A wooden block of mass 8 kg is tied to a string attached to the bottome of the tank. In the equilibrium the block is completely immersed in water. If relative density of wood is 0.8 and `g=10 ms^(-2)`, the tension T, in the string is

To solve the problem, we need to find the tension \( T \) in the string holding a wooden block submerged in water. Here’s a step-by-step solution: ### Step 1: Identify the forces acting on the block In equilibrium, the forces acting on the block are: - The **buoyant force** \( F_b \) acting upwards. - The **weight** of the block \( W \) acting downwards. - The **tension** \( T \) in the string acting downwards. ### Step 2: Write the equilibrium condition Since the block is in equilibrium, the sum of the upward forces must equal the sum of the downward forces: \[ F_b = W + T \] ### Step 3: Calculate the weight of the block The weight \( W \) of the block can be calculated using the formula: \[ W = m \cdot g \] where \( m = 8 \, \text{kg} \) (mass of the block) and \( g = 10 \, \text{m/s}^2 \) (acceleration due to gravity). \[ W = 8 \, \text{kg} \times 10 \, \text{m/s}^2 = 80 \, \text{N} \] ### Step 4: Calculate the volume of the block The relative density (specific gravity) of the wood is given as \( 0.8 \).
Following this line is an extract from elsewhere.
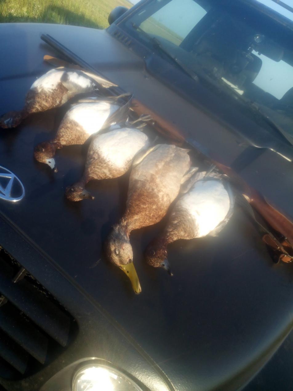 второго одного крякаша взял на вечерку, а третьего на утрянку двух крякашей. Следил куда утка летит, и на местах пролета вставал. Бил 25-30 метров в каждой тушке по 7-8 дробинок. Еще умудрился несколько раз сильно мазать и несколько раз просто не стрелял т.к. не с руки или утка могла упасть в камыш где не хотел искать. Теперь думаю брать с собой подсадных т.к. место определил и думаю утка пойдет на это место. Пока ждал уток еще пару щук поймал (карандашей) хорошо провел выходные, всем благ! |
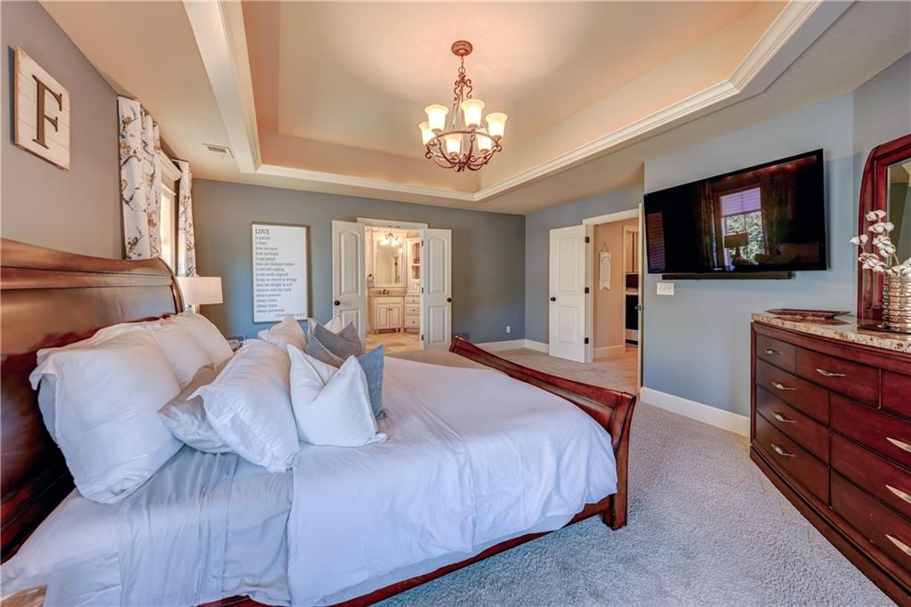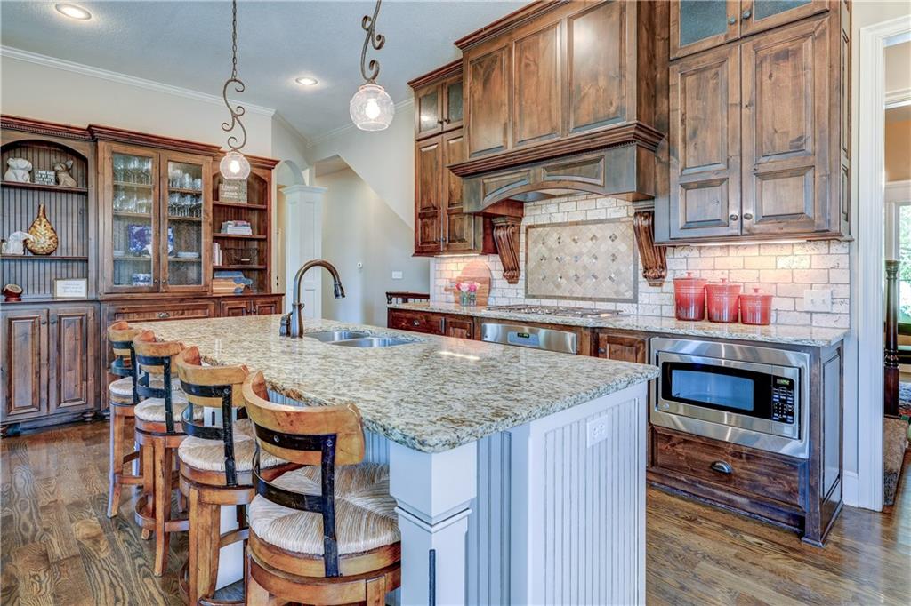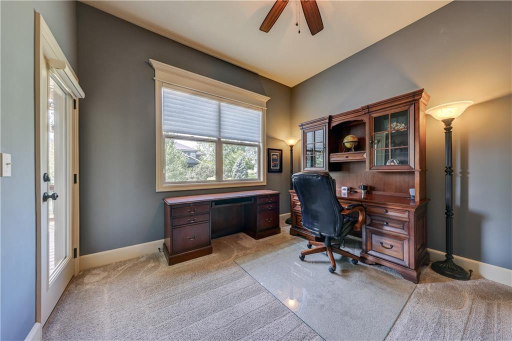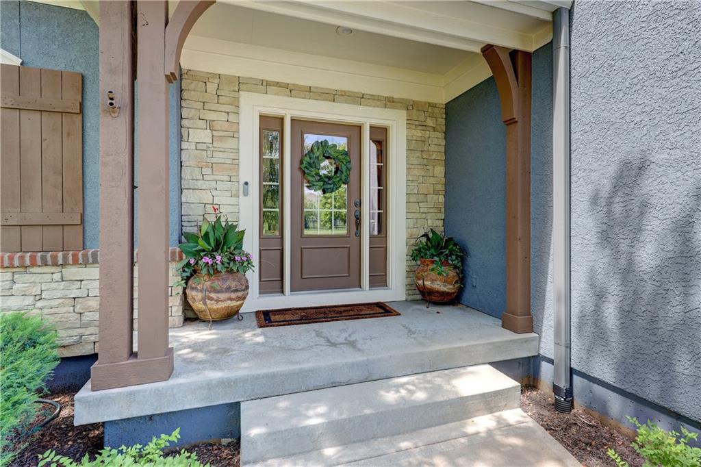 Great opportunity to live in Mills Farm within the top-rated Blue Valley school district. This 5-bedroom/5-bath two-story was quality built by Estes Homes and it shows in the trim work and details throughout. An impressive two-story foyer sets the tone, flanked by a vaulted dining room with wood beams and a first floor office/flex/bedroom next to a ¾ bath. The kitchen checks every box: large walk-in pantry, butler’s pantry with beverage fridge, large island, 5-burner gas cooktop, and front/back staircases for easy flow. Professionally refinished hardwoods on most of first floor and brand-new upgraded carpet (except the flex room). Full stucco exterior with newer paint. Outdoors is built for everyday living: a large covered deck with low-maintenance composite decking, outdoor fireplace with TV hook-up, a generous stamped patio, and a black metal fence. Three total fireplaces add warmth inside and out. The daylight lower level brings in natural light through seven windows and is ready to finish for additional living space. Roof is less than a year old. Enjoy the Mills Farm lifestyle, full of amenities, including: three pools, remodeled clubhouse with workout room, play area, pickleball, tennis courts and sand volleyball!

This means the density of the wood \( \rho_b \) can be calculated as: \[ \rho_b = \text{relative density} \times \text{density of water} = 0.8 \times 1000 \, \text{kg/m}^3 = 800 \, \text{kg/m}^3 \] Now, using the formula for density: \[ \rho_b = \frac{m}{V} \implies V = \frac{m}{\rho_b} \] Substituting the values: \[ V = \frac{8 \, \text{kg}}{800 \, \text{kg/m}^3} = 0.01 \, \text{m}^3 \] ### Step 5: Calculate the buoyant force The buoyant force \( F_b \) can be calculated using Archimedes' principle: \[ F_b = \rho_l \cdot V \cdot g \] where \( \rho_l = 1000 \, \text{kg/m}^3 \) (density of water). \[ F_b = 1000 \, \text{kg/m}^3 \times 0.01 \, \text{m}^3 \times 10 \, \text{m/s}^2 = 100 \, \text{N} \] ### Step 6: Substitute values into the equilibrium equation Now substituting \( F_b \) and \( W \) into the equilibrium equation: \[ 100 \, \text{N} = 80 \, \text{N} + T \] ### Step 7: Solve for tension \( T \) Rearranging the equation to solve for \( T \): \[ T = 100 \, \text{N} - 80 \, \text{N} = 20 \, \text{N} \] ### Final Answer The tension \( T \) in the string is \( 20 \, \text{N} \). ---